» INFORMATION:
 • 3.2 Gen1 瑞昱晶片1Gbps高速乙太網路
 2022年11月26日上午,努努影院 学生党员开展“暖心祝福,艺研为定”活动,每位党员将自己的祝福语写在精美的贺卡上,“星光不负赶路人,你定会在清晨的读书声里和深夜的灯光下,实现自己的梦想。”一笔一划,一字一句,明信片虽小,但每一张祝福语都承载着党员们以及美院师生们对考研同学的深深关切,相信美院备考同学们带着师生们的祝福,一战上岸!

* * *

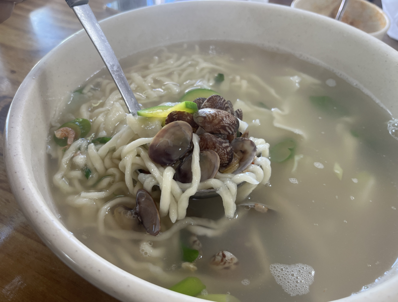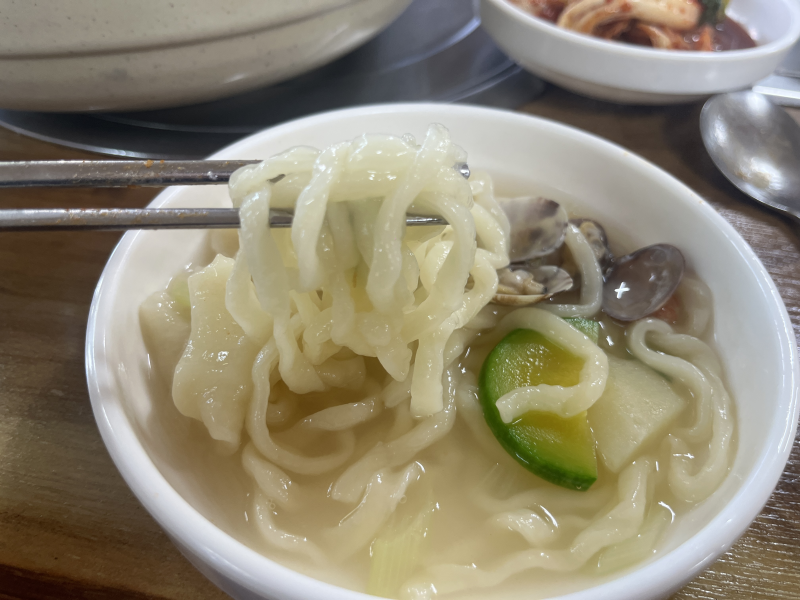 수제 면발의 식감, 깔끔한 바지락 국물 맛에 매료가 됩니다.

» ABOUT THIS TASK: Only the lines above from the line containing "3.2 Gen1 瑞昱晶片1Gbps高速乙太網路" through the line containing "2022年11月26日上午,努努影院 学" should be retyped, exactly and with both ends included.

» EXERCISE SOLUTION:
 • 3.2 Gen1 瑞昱晶片1Gbps高速乙太網路
 2022年11月26日上午,努努影院 学生党员开展“暖心祝福,艺研为定”活动,每位党员将自己的祝福语写在精美的贺卡上,“星光不负赶路人,你定会在清晨的读书声里和深夜的灯光下,实现自己的梦想。”一笔一划,一字一句,明信片虽小,但每一张祝福语都承载着党员们以及美院师生们对考研同学的深深关切,相信美院备考同学们带着师生们的祝福,一战上岸!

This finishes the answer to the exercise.